*** Opening Exercise data ***

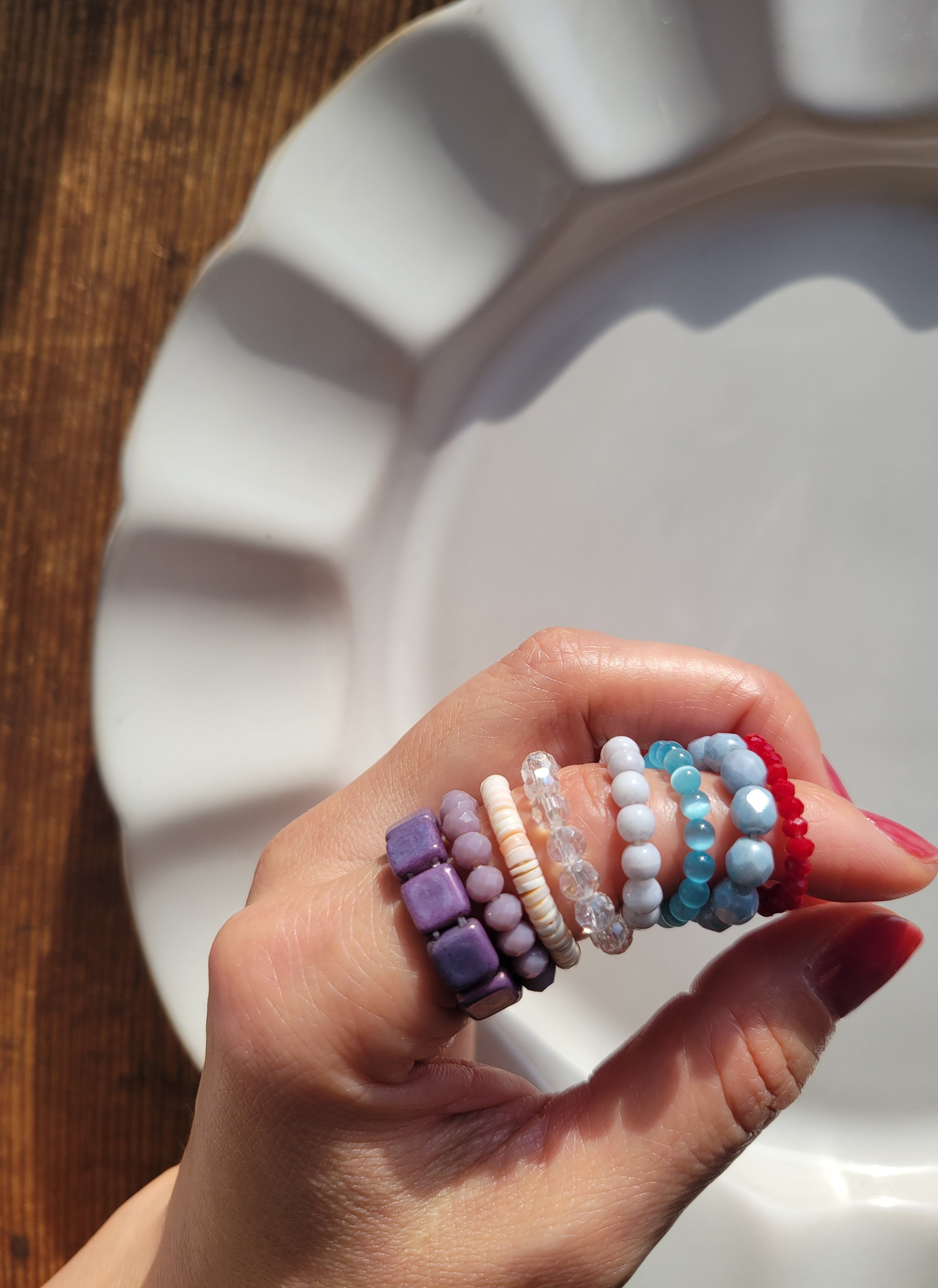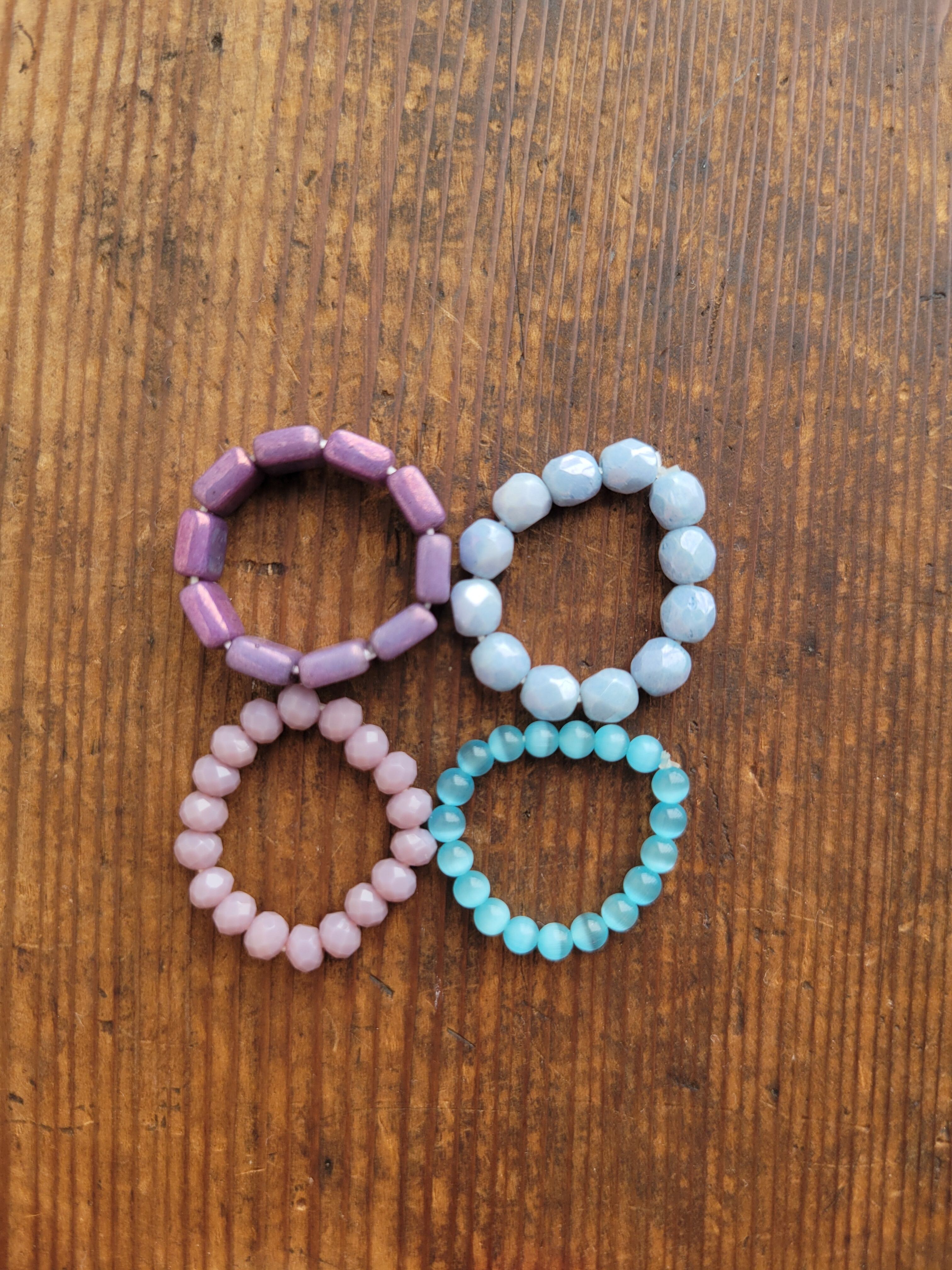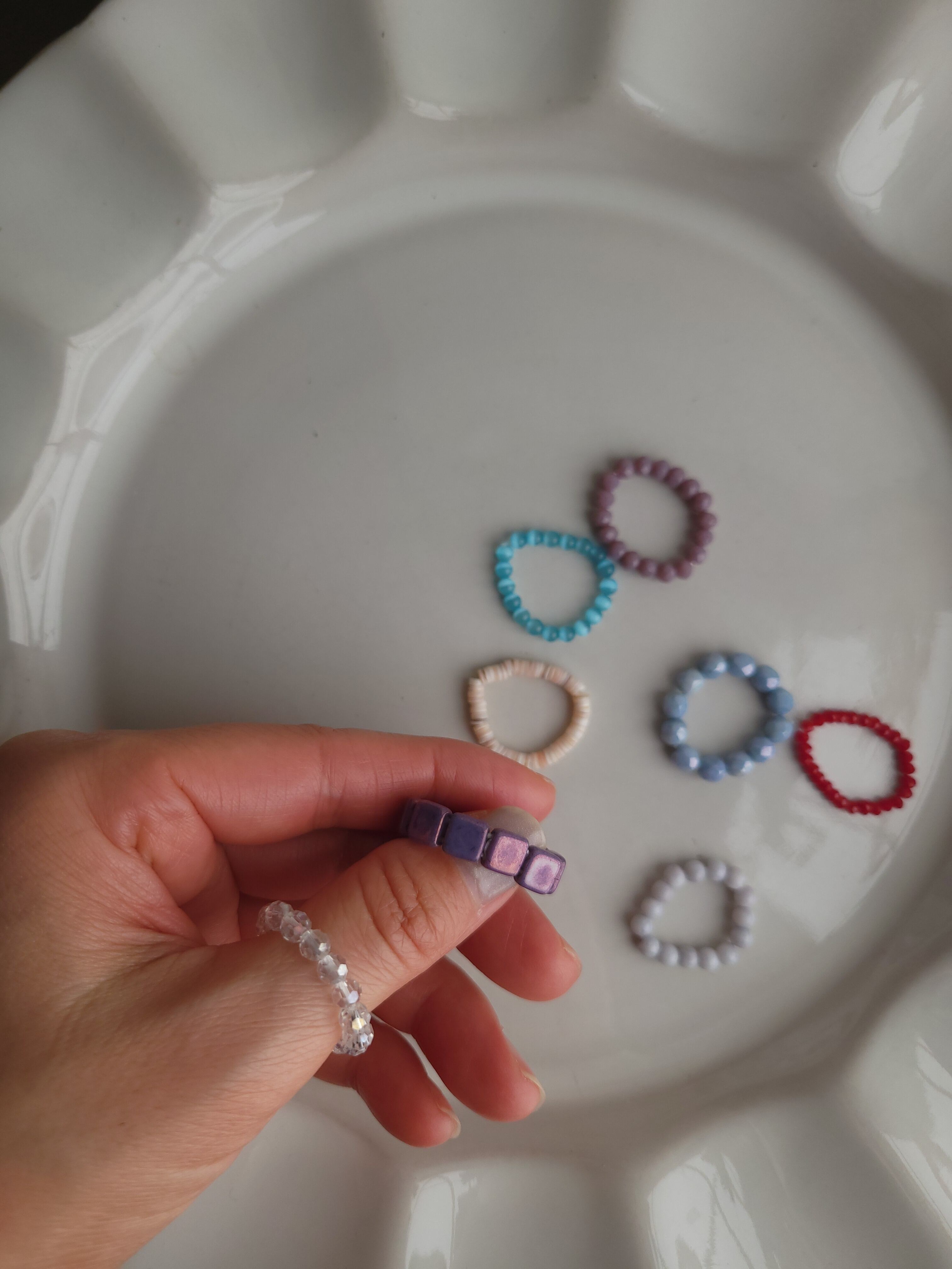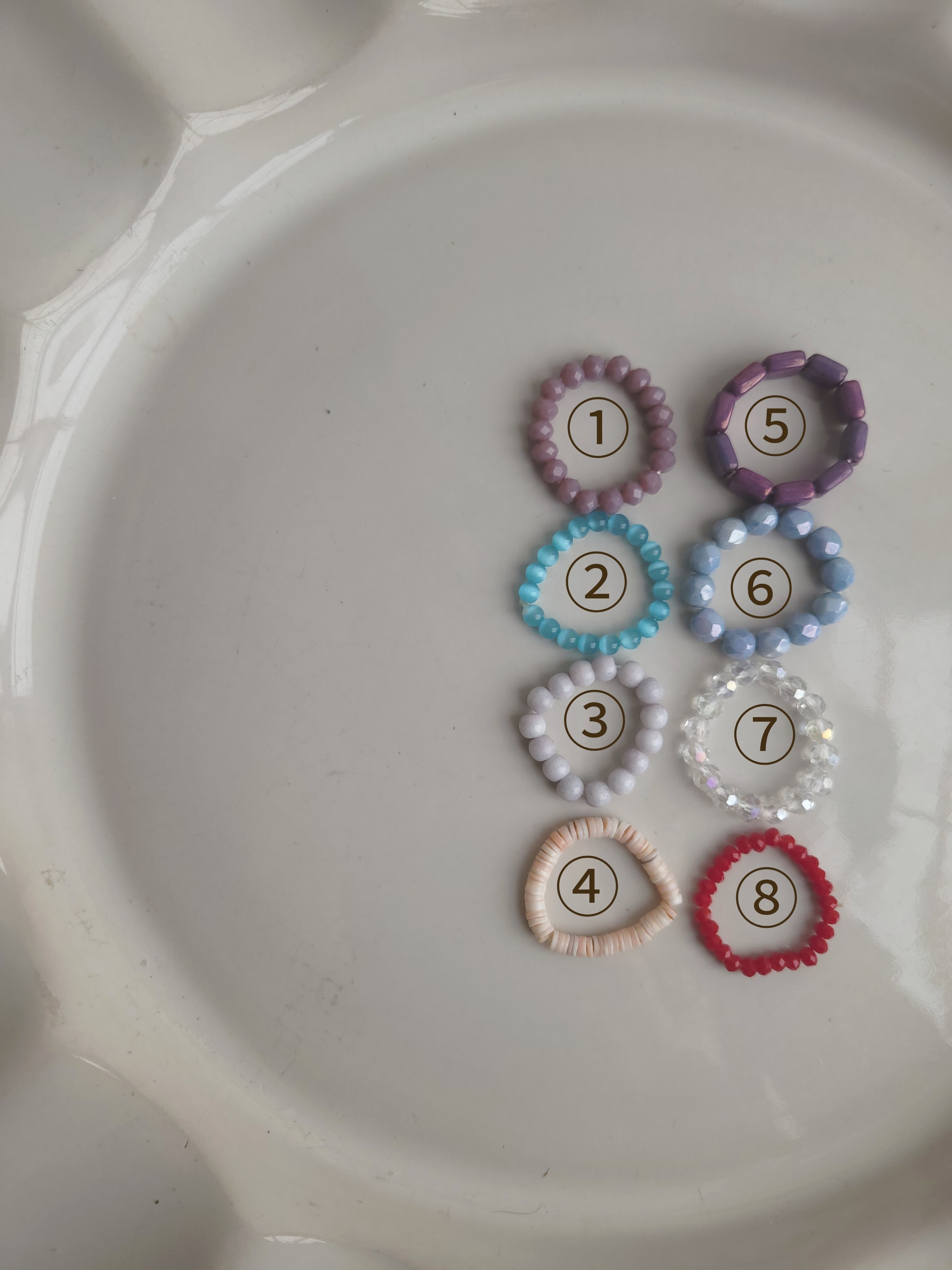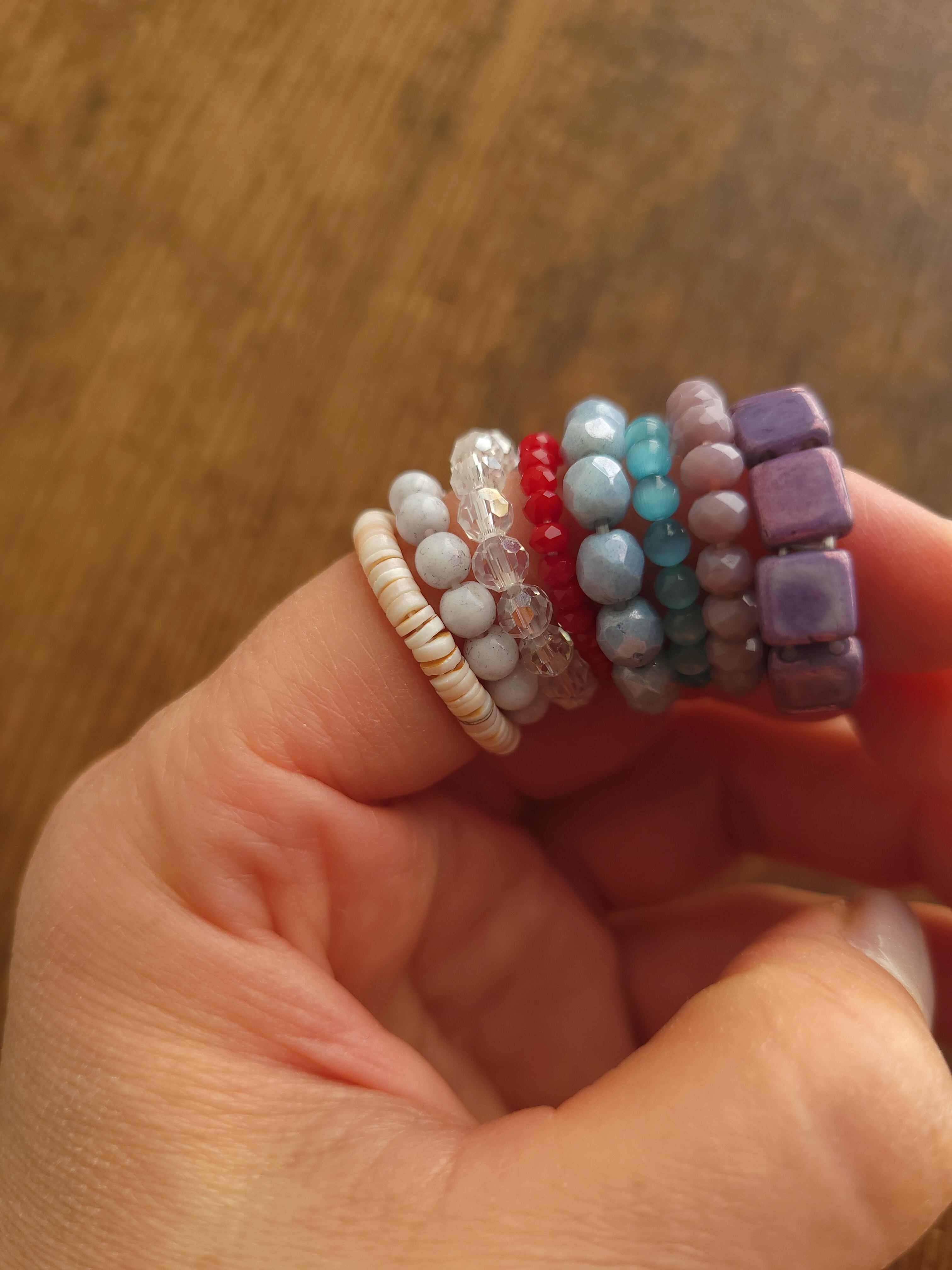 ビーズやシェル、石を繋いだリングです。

*** Closing Exercise data ***
*** Opening Exercise data ***

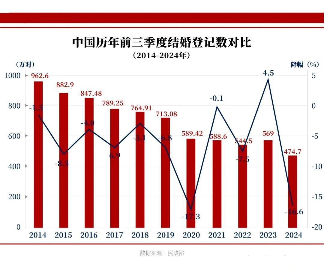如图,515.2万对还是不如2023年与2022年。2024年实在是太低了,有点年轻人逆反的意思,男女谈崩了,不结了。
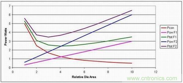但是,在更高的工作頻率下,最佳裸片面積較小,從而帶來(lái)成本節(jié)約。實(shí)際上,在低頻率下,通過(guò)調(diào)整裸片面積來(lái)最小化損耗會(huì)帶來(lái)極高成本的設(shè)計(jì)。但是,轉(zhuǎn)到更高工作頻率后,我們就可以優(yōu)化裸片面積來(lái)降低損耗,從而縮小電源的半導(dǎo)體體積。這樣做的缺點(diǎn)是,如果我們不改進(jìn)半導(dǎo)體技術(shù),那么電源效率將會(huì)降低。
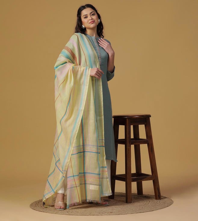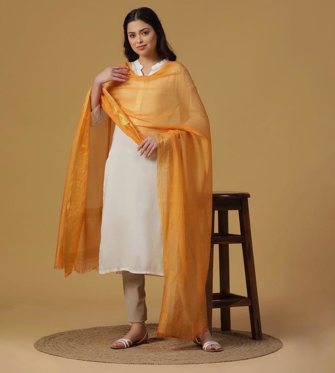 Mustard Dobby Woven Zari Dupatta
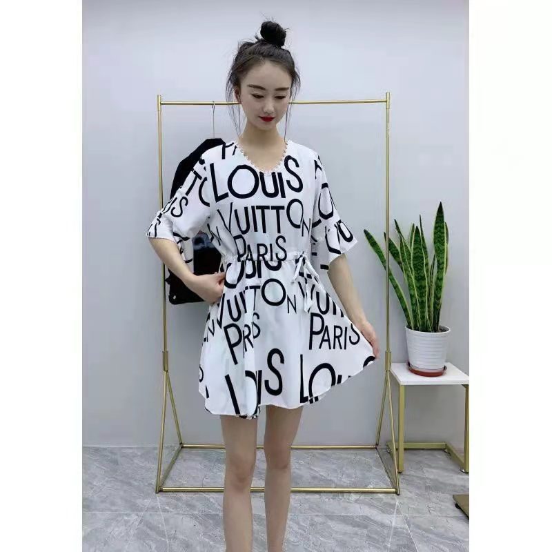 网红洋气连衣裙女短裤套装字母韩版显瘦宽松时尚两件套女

*** Closing Exercise data ***
*** Opening Exercise data ***

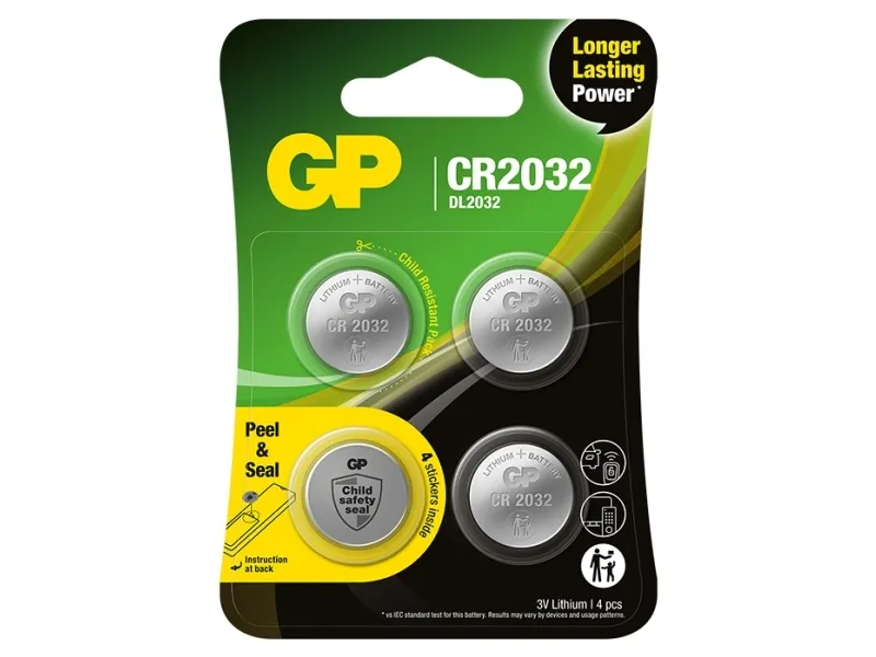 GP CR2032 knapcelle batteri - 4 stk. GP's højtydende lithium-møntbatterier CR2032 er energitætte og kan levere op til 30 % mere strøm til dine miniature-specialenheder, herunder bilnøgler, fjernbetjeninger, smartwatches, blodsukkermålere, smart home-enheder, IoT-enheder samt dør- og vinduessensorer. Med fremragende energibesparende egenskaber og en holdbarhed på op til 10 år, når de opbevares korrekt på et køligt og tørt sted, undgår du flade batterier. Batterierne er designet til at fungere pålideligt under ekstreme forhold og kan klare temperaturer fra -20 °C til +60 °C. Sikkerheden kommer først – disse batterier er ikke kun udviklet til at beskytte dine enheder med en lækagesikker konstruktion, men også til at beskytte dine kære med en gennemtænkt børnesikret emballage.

*** Closing Exercise data ***

Work to complete ▸
In the listing above, find the line holding "Mustard Dobby Woven Zari Dupatta" and the line holding "网红洋气连衣裙女短裤套装字母韩版显瘦宽松时尚两件套女". Reproduce those two lines and all between them exactly, leaving out pictures.

Output for this exercise ▸
 Mustard Dobby Woven Zari Dupatta
 网红洋气连衣裙女短裤套装字母韩版显瘦宽松时尚两件套女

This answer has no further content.